--- WORK TASK ---
Once the line containing "Cada caixa traz" is reached, copy it and every line after it exactly, to the end of the material, without pictures.

--- DATA SECTION ---
%%

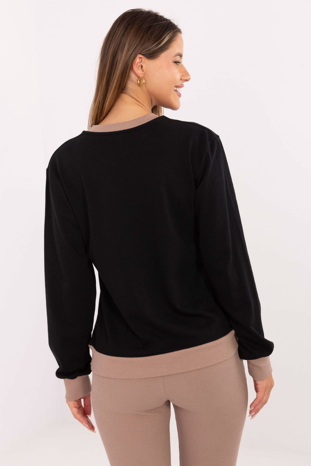 Casualowa bluza damska wykonana z miękkiej mieszanki bawełny i poliestru, łącząca komfort noszenia z modnym designem. Klasyczny okrągły dekolt i długie rękawy zapewniają wygodę, a standardowa długość sprawia, że bluza doskonale pasuje do codziennych stylizacji. Przód zdobi subtelny haft, który nadaje całości eleganckiego charakteru, a kontrastowe wykończenia dodają nowoczesnego, wyrazistego akcentu. Model bez zapięcia, idealny do casualowych zestawów na co dzień.
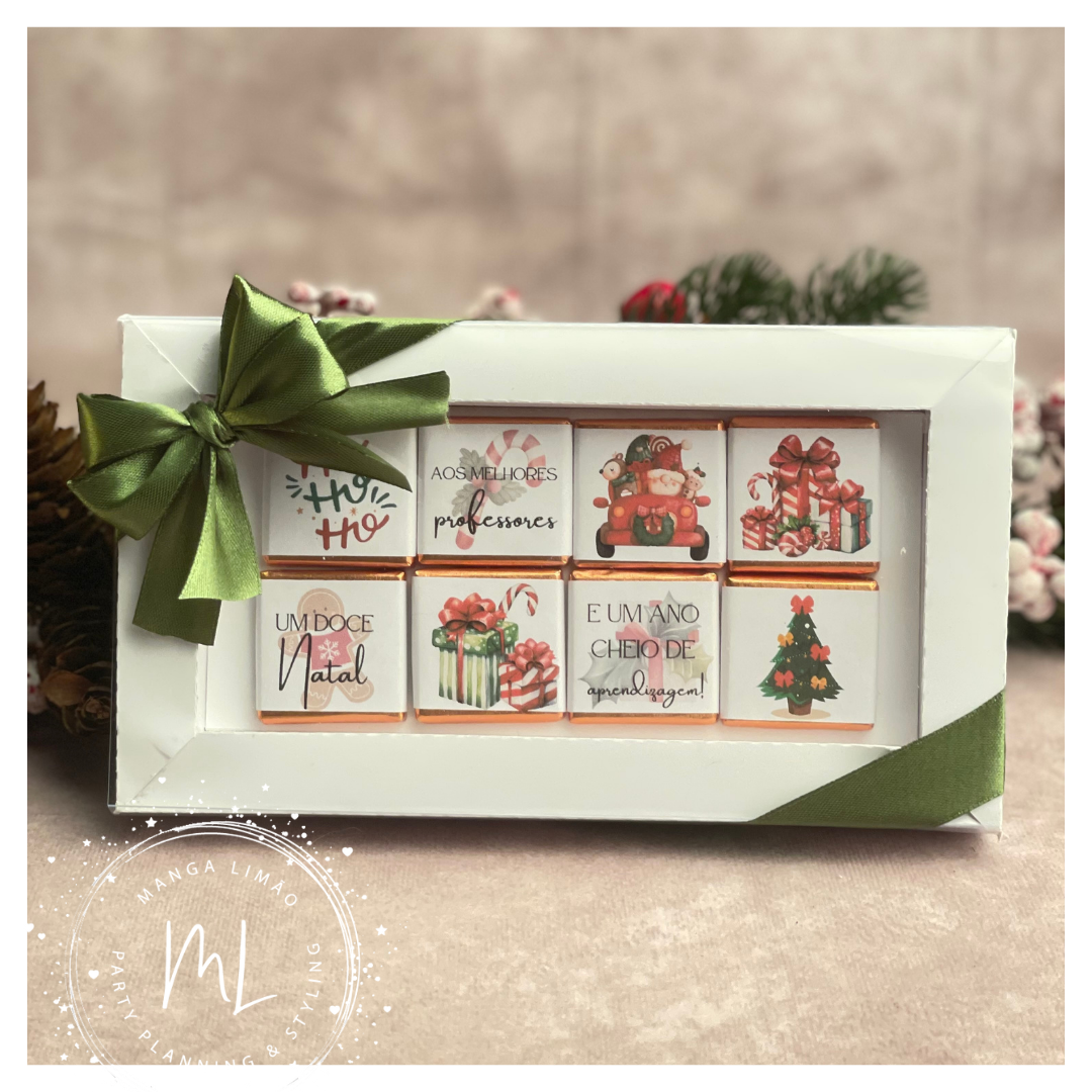 Cada caixa traz a mensagem especial: "Aos melhores professores, Um doce Natal e um ano cheio de aprendizagem". Ideal para oferecer um gesto de carinho e gratidão nesta época festiva.
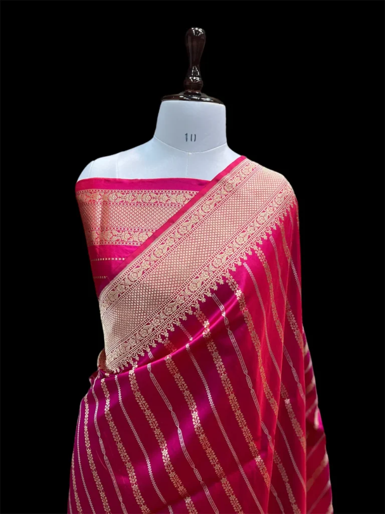 ‘RANI PINK’ PURE KATAAN SILK BANARASI SONA ROOPA JAAL SAREE
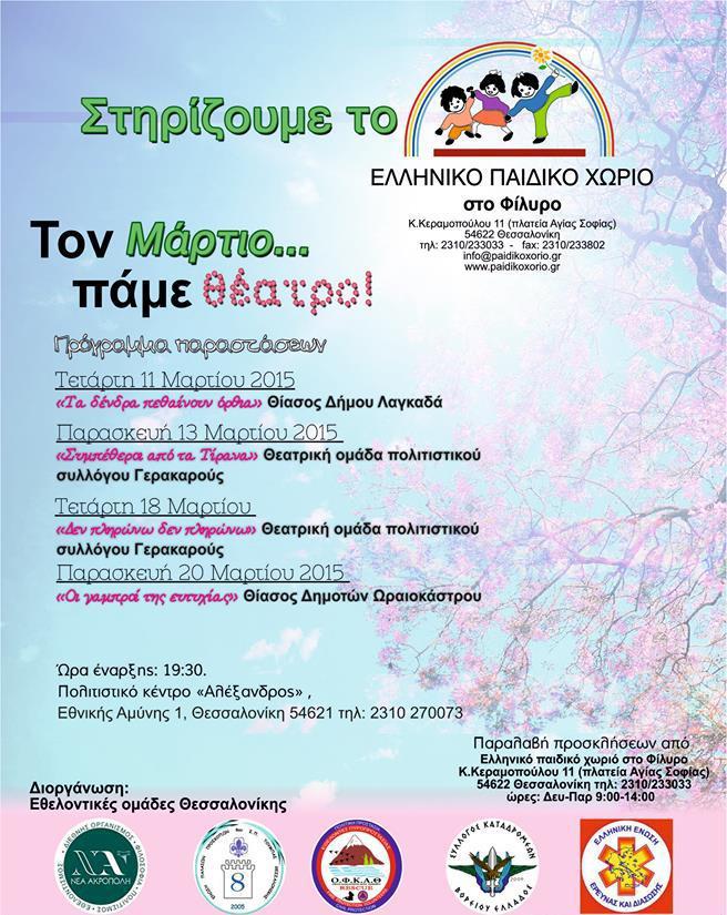 Πέντε εθελοντικές ομάδες της Πολιτικής Προστασίας στηρίζουν το Ελληνικό παιδικό χωριό Φιλύρου. Η Ελληνική Ένωση Έρευνας και Διάσωσης Θεσσαλονίκης , Η Ένωση Παλαιών Προσκόπων 8ου Συστήματος Τούμπας Θεσσαλονίκης, Ο Όμιλος Φίλων Κυνηγών Ακτής Θερμαϊκού, Ο Σύλλογος Καταδρομέων Βορείου Ελλάδος , και Η Νέα Ακρόπολη Θεσσαλονίκης, διοργανώνουν 4 θεατρικές παραστάσεις στο Πολιτιστικό κέντρο «Αλέξανδρος» (Εθνικής Αμύνης […]

%%

--- FINAL ANSWER ---
 Cada caixa traz a mensagem especial: "Aos melhores professores, Um doce Natal e um ano cheio de aprendizagem". Ideal para oferecer um gesto de carinho e gratidão nesta época festiva.
 ‘RANI PINK’ PURE KATAAN SILK BANARASI SONA ROOPA JAAL SAREE
 Πέντε εθελοντικές ομάδες της Πολιτικής Προστασίας στηρίζουν το Ελληνικό παιδικό χωριό Φιλύρου. Η Ελληνική Ένωση Έρευνας και Διάσωσης Θεσσαλονίκης , Η Ένωση Παλαιών Προσκόπων 8ου Συστήματος Τούμπας Θεσσαλονίκης, Ο Όμιλος Φίλων Κυνηγών Ακτής Θερμαϊκού, Ο Σύλλογος Καταδρομέων Βορείου Ελλάδος , και Η Νέα Ακρόπολη Θεσσαλονίκης, διοργανώνουν 4 θεατρικές παραστάσεις στο Πολιτιστικό κέντρο «Αλέξανδρος» (Εθνικής Αμύνης […]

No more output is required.